-- INFORMATION SUPPLIED follows --

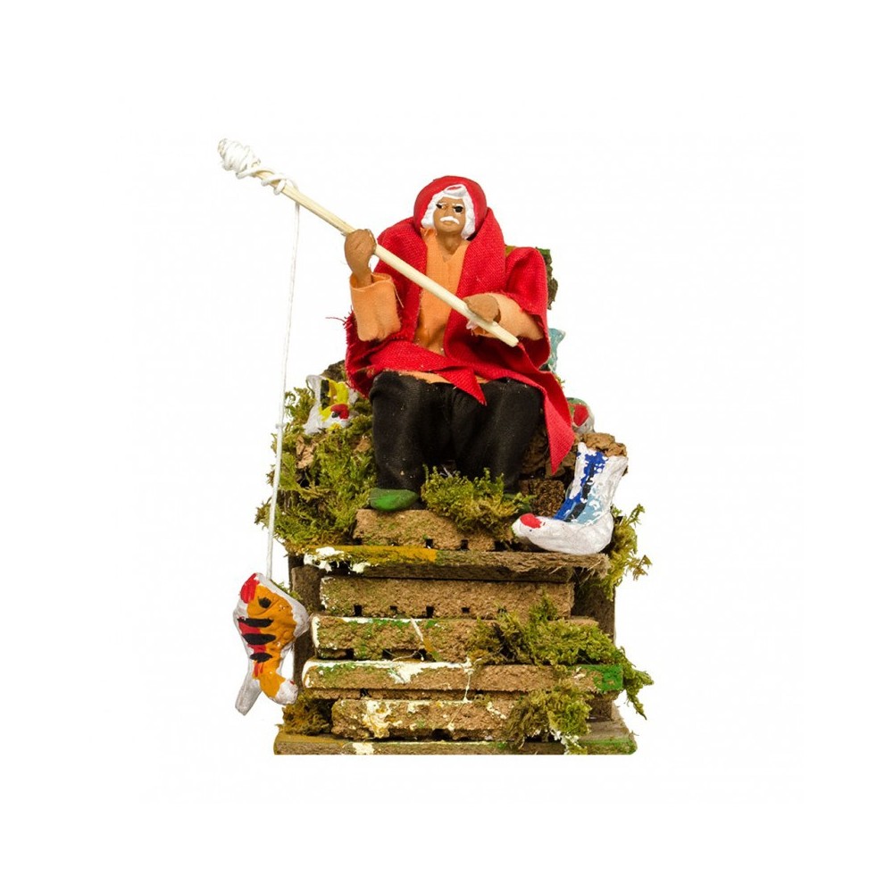 Raffigura un anziano pescatore con canna da pesca e pesci. Il personaggio è in terracotta, rifinito e pitturato interamente a mano. Completo di motorino elettrico, per azionare il movimento occorre inserire la presa a corrente.
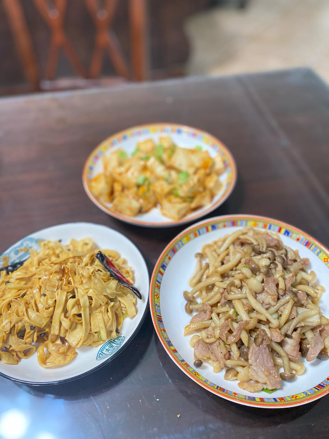 溜豆腐,肉炒杂蘑,炒干豆腐
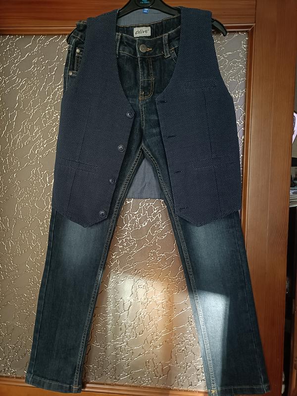 Продам комплект одежды в школу на рост 140: джинсы и жилетка. Все в идеальном состоянии. Джинсы на стяжке в поясе. В подарок трикотажный лонгслив h&m на соответствующий рост замеры джинсов Длина общая 84 см, Шаговый шов 63 см, Талия 32см, есть утяжка Стегна 37 см. Жилетка Длина по спинке 42 ПОГ 37

-- INFORMATION SUPPLIED concluded --

_TASK TO COMPLETE:_ Take the line containing "溜豆腐,肉炒杂蘑,炒干豆腐" as the first line and the last line of the data above as the final one, and output exactly the lines between them, inclusive, with no pictures.

_RESULT BELOW:_
 溜豆腐,肉炒杂蘑,炒干豆腐
 Продам комплект одежды в школу на рост 140: джинсы и жилетка. Все в идеальном состоянии. Джинсы на стяжке в поясе. В подарок трикотажный лонгслив h&m на соответствующий рост замеры джинсов Длина общая 84 см, Шаговый шов 63 см, Талия 32см, есть утяжка Стегна 37 см. Жилетка Длина по спинке 42 ПОГ 37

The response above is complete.